Final Part - Sri Ramana Paravidyopanishad By Lakshman Sarma

When one has learned to love the company of sages, why all these rules of discipline? When a pleasant cool southern breeze is blowing, what need is there for a fan?

Fever is overcome by the cool light of the moon; want by the wish-yielding tree; and sin by the holy Ganges. Those three – fever and want and sin – all flee at the august sight of the peerless sage.

Holy rivers, which are only water, and idols, which are made of stone and clay, are not as mighty as the sages are. For while they make one pure in the course of countless days, the sage’s eye by a mere glance purifies at once.

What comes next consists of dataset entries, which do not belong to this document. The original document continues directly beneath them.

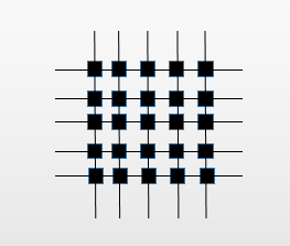 动态显示常采用点阵式矩阵显示方式。将电极做成平行状,并使上玻璃片的电极和下玻璃片的电极成立体正交结构。这样相互交叉的部分就是点阵式像元,如图中用小方块表示。当x方向的电极和y方向的电极条数都为n时,用2n个电极就可以构成n²个像元。当像元的面积越小,单位面积内数量越多,显示的图像就越细腻。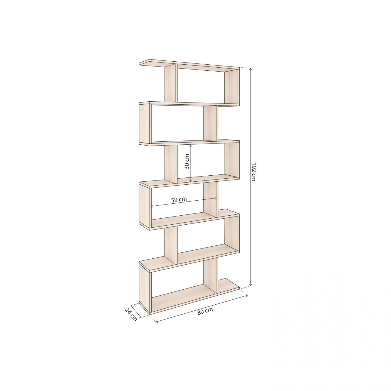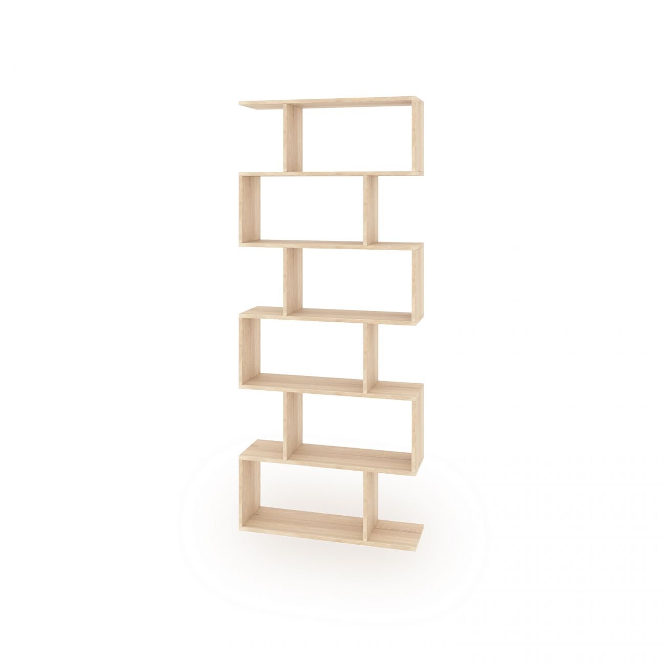 Cada uno de sus compartimentos ofrece amplitud suficiente para albergar libros, objetos decorativos, plantas pequeñas o piezas de arte, lo que la convierte en una opción ideal tanto para salones como para despachos, dormitorios juveniles o rincones creativos. Su formato escalonado alterna los huecos de forma que cada estante parece flotar, aportando una sensación de ligereza visual.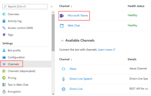 To add the Microsoft Teams channel to your bot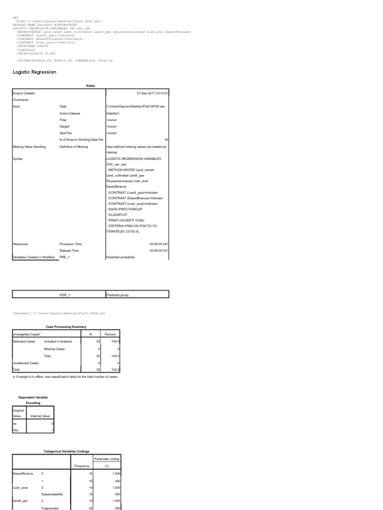 /METHOD=ENTER Land_owned Land_cultivated Landt_ype Peryearserviceuse Loan_avai Easeoffinance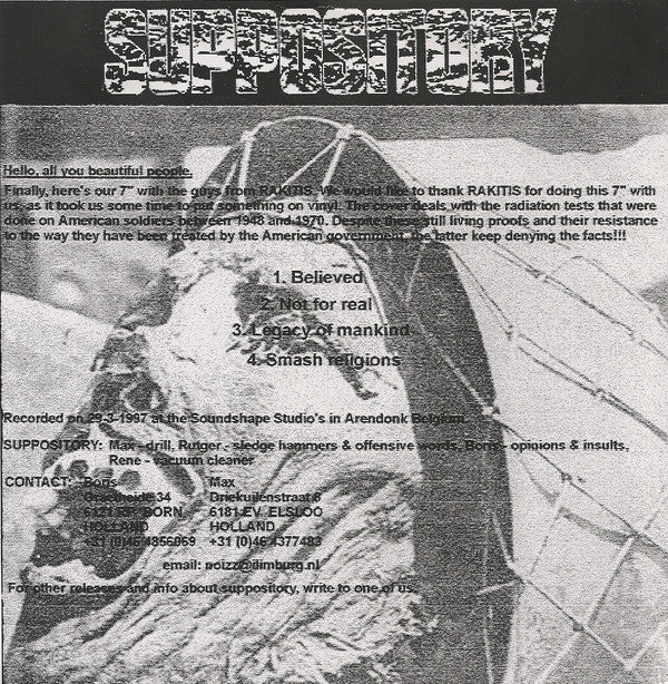 Suppository recorded on 29-3-1997 at the Soundshape Studio's in Arendonk Belgium.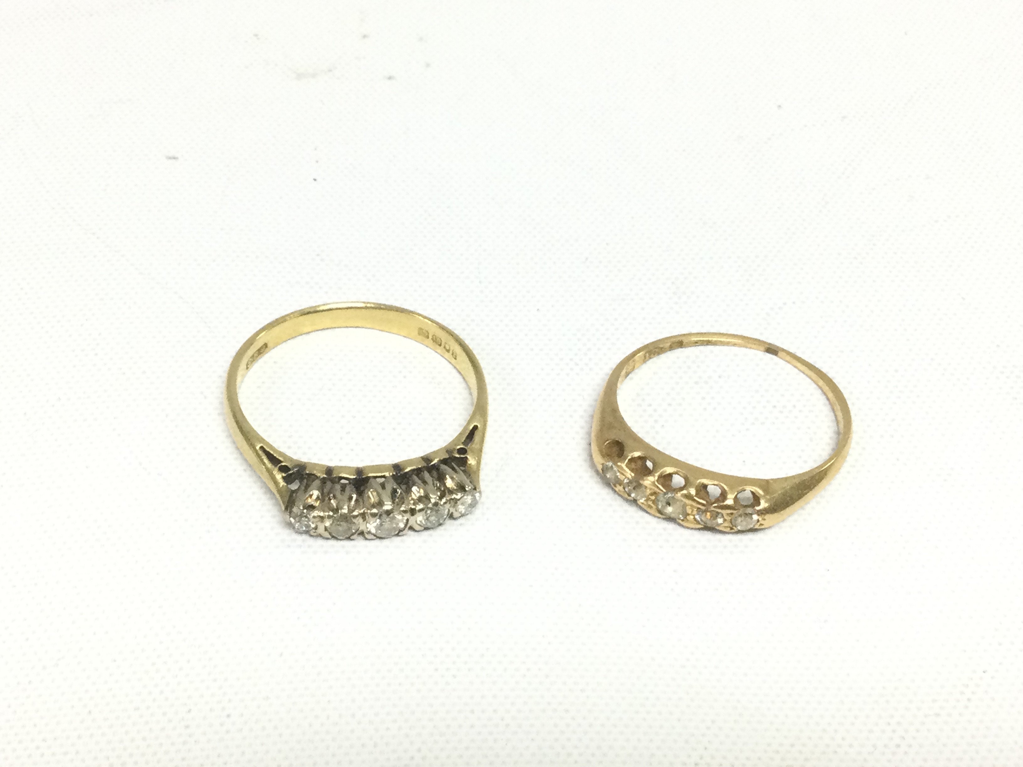 Two 18ct gold five stone diamond rings, approx total weight 5.4g and approx sizes M-N and P. Shipping category A.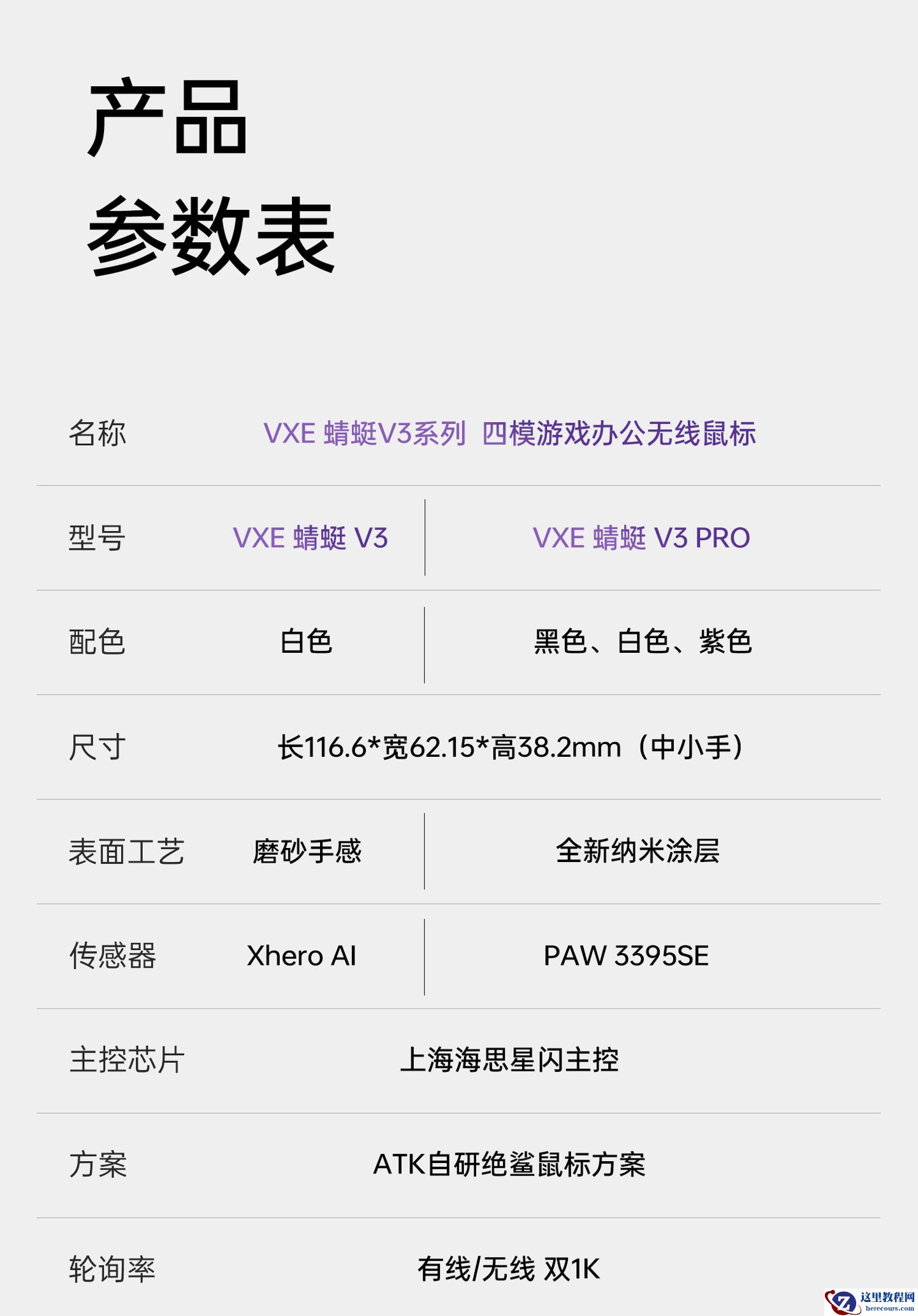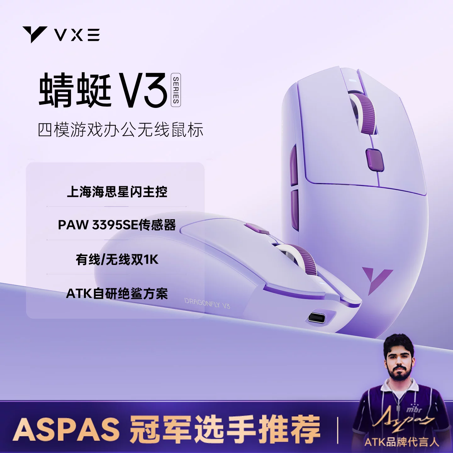 3 月 17 日消息,ATK 旗下 VXE 正式推出了蜻蜓 V3 鼠标,今晚 20:00 发售。该系列采用准对称的中小手模具,兼容各种握持姿势,标准版首发优惠价 59 元、PRO 版首发优惠价 89 元。

Bathing in the Ganges removes the sins of man, not the sinner in him. But association with a sage destroys the sinner also. There is nothing so powerful to purify the mind as association with a sage.

The sage’s greatness is further set forth as follows.

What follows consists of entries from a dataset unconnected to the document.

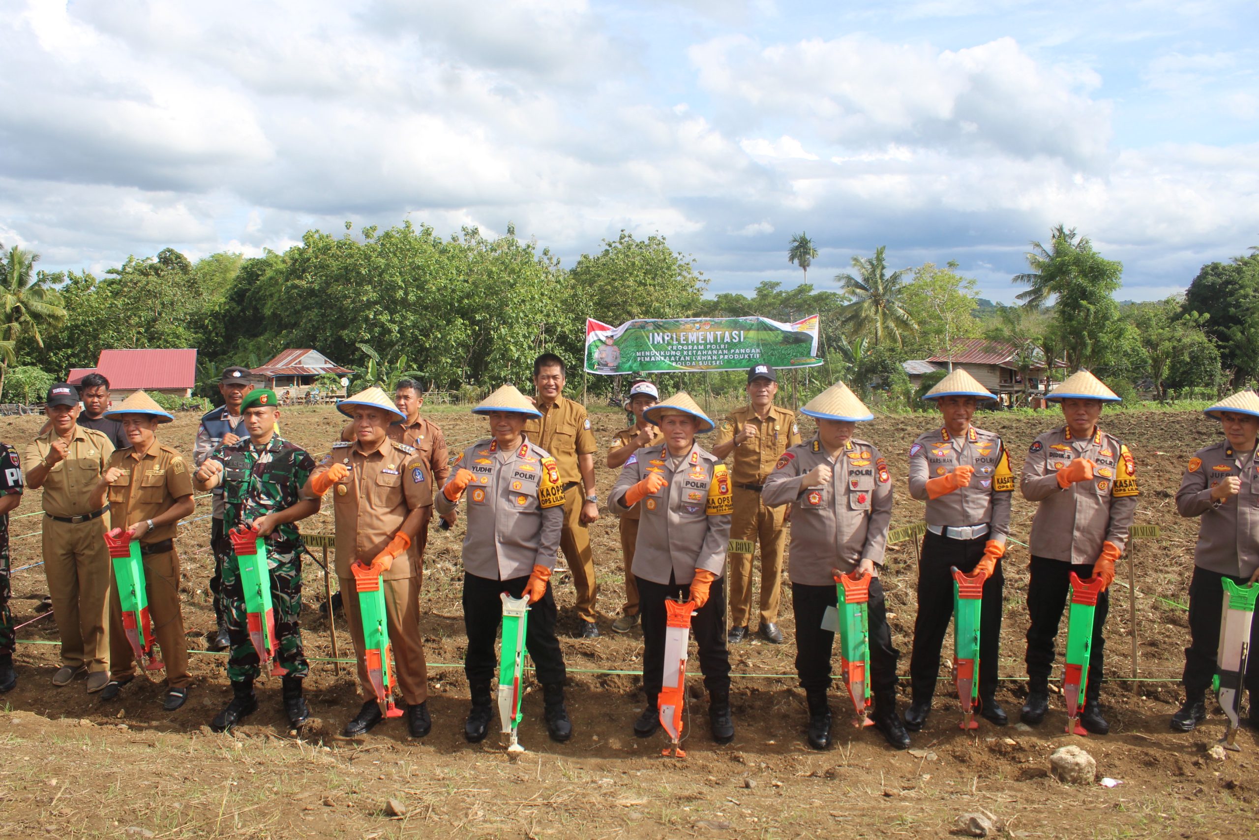 “Adapun luas lahan yang akan digunakan untuk program ketahanan pangan sebanyak 63 hektar. Lahannya akan digarap langsung oleh kelompok tani setempat dengan kerjasama pihak PTPN Bone”, Jelas Kapolres Bone.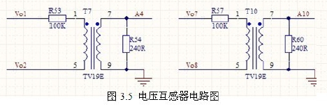 此係統輸出是三相交流電,輸出線電壓為380V,故選擇TV19E 電壓互感器,其輸出負載電阻可以接0~500 歐,輸出交流電壓0~2.5V,此係統采用240 歐的電阻,輸出電壓-1.2V~1.2V。滿足DSP 的輸入要求。電路如圖3.5 所示。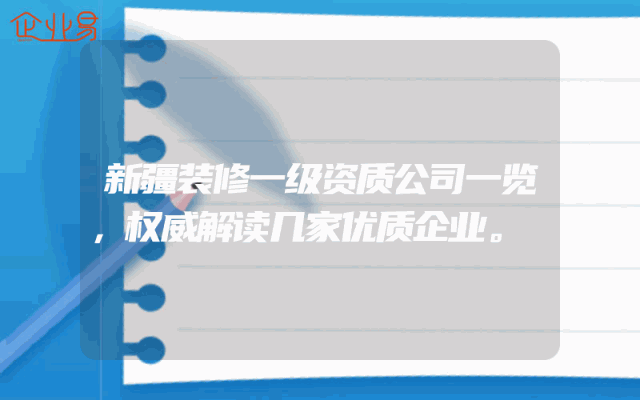 - 新疆装修一级资质公司一览,权威解读几家优质企业。
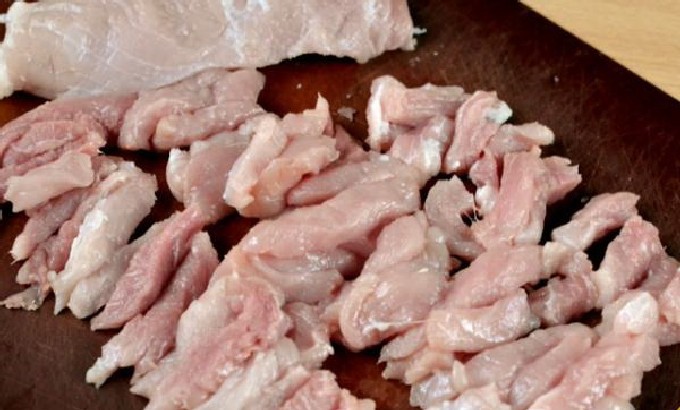 - We wassen het varkensvlees en snijden het in blokjes van ongeveer 3 * 2 cm.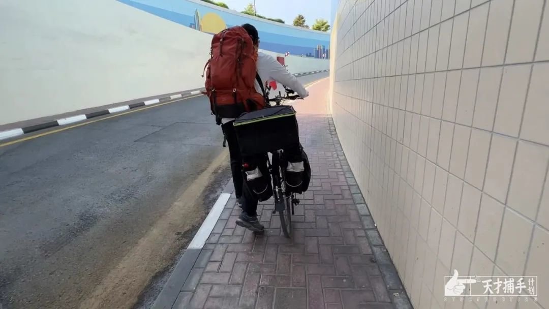 我操当时我都服了,因为自行车没组装好,也因为伊朗比较乱,我不敢放在那,我就一边推着那个自行车,一边跑一边喊追他:“oh my god, my bag, my bag!”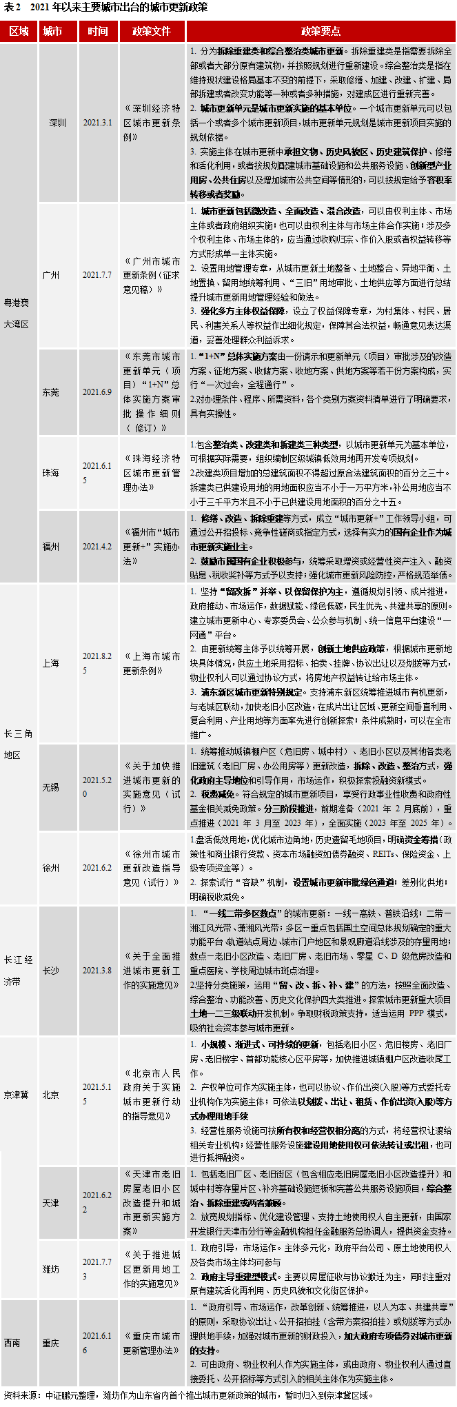 我國的城市更新發展由地方探索先行,具有典型的“自下而上”的特征,全國各地的步調不一致。粵港澳大灣區發展最為成熟,其中以深圳和廣州的政策體系最為完善,東莞、中山、惠州、佛山、肇慶等緊隨其后,目前已基本進入政策調整和完善期;長三角地區以上海為龍頭發展迅速,南京、杭州、無錫等地相繼發力;長江經濟帶武漢、長沙、南昌等地齊頭并進;京津冀區域發展相對較慢,北京、天津、石家莊正在穩步推進;西南區域,以重慶、成都、昆明、貴陽為主,近年來逐步啟動。

He is the conqueror of death, of the demon of three cities, of cupid, and of the demon Naraka. He is the Self of all the great gods, and all alike worship only him.

How he is the killer of the demon Tripura and of the demon Naraka is explained next.

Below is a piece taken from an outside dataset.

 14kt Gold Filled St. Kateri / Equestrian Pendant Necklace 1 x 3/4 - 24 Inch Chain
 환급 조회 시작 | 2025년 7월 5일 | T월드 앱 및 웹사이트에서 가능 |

Since it is through him that the three bodies [encompassing the Self] exist, he is therefore the killer of Tripura. Because he has put an end to the ego, he is therefore also the killer of Naraka.

The three bodies are the gross, subtle and causal, already stated. Naraka is the personification of the ego.

Since in the Gita Bhagavan Krishna himself says, ‘I myself am the sage,’ it therefore follows that there is none equal to or greater than he. His greatness is immeasurable.

Since the sage is God himself, his teachings are of the highest authority. Thereafter, and by his words alone, the Upanishads also have authority.

Since the Guru, if he is a sage, is the second form of God’s grace, the aspirant practising devotion to him [as to God], will reach his goal.

Divine grace has three forms in three stages: first as God, then as Guru and finally as the real Self. The above verse is based upon this ancient teaching, and was repeated by Bhagavan.

In the sage’s presence and even far away from him there is a mysterious power. Whoever is caught hold of by it will not be let go, but will surely be taken to the state of deliverance.

Therefore, those that are positively determined not to obtain deliverance, being greatly in love with samsara, should beware of sages!

The Guru has said, ‘Just as a fawn caught by a tiger becomes its food, so, if a good man is caught by the gracious look of the sage, he will surely attain the state in which the sage dwells.’

Being outside he [the Guru] turns the mind of the sadhaka inwards and from inside he pulls the mind into the Heart and then fixes him, by his power, in the supreme state.

That supreme state of the sage transcends both words and intellect. What has been set forth here is just a little, which has been vouchsafed by the sages for the sadhaka.

Thus has been expounded the natural state of the Self, along with the means of attainment [sadhana]. Hereafter is set forth the essence of the teachings for reflection by sadhakas.

The remainder of the work sets forth Bhagavan’s own commentary on the first benedictory verse of the Forty Verses.

Every creature is aware of its own spectacle, the world, and its seer, himself. He understands these two as real in their own right. This delusion is the cause for its samsara.

If the two were real in their own right, they would appear continuously. How can something that appears at some times and does not appear at other times be real?

This pair [the world appearance and the one who sees it] shines in dream and waking only by the functioning of the mind. In deep sleep both of them fail to shine. Therefore both of them are mental.

That into which the mind goes into latency and wherefrom it rises again is alone real. That one, being without settings and risings, is real in its own right, and is the home of deliverance for the aspirant.

That reality named Brahman, which is only one without a second and complete in itself, is the giver of existence to the whole world. It also gives the light of consciousness to the whole mind, which in itself lacks consciousness.

That itself dwells in the Heart of all creatures as one’s own Self, like a witness without thoughts, unrelated to anything. But that one is concealed during the outward-turned state of the mind by the false appearance of the world, which is a manifestation of the mind.

Therefore, due to illusion, no one in the world knows this real Self. Being persuaded that the gross body is itself the Self, one wanders through innumerable lives, suffering unhappiness.

This world must be discovered to be the supreme, who is the real Self, by extinction of the mind. Then the pure real Self will shine unhindered, as he really is, as the sole reality, Brahman.

If and when one makes efforts for deliverance, equipped with discrimination and detachment, following the means taught by the holy Guru, one becomes free from the bondage of samsara by attaining birth in one’s own source, Brahman.

By turning one’s thought-free mind inwards and diving into the Heart in the quest of one’s own real Self, by becoming free from delusion by the extinction of the ego-mind, one attains the state of deliverance. Such a one is a sage.

The following is the concluding verse.

To that supreme one, the Self in all creatures, which became our Guru, Sri Ramana, let there be thousands of namaskarams until there comes about the extinction of the ego.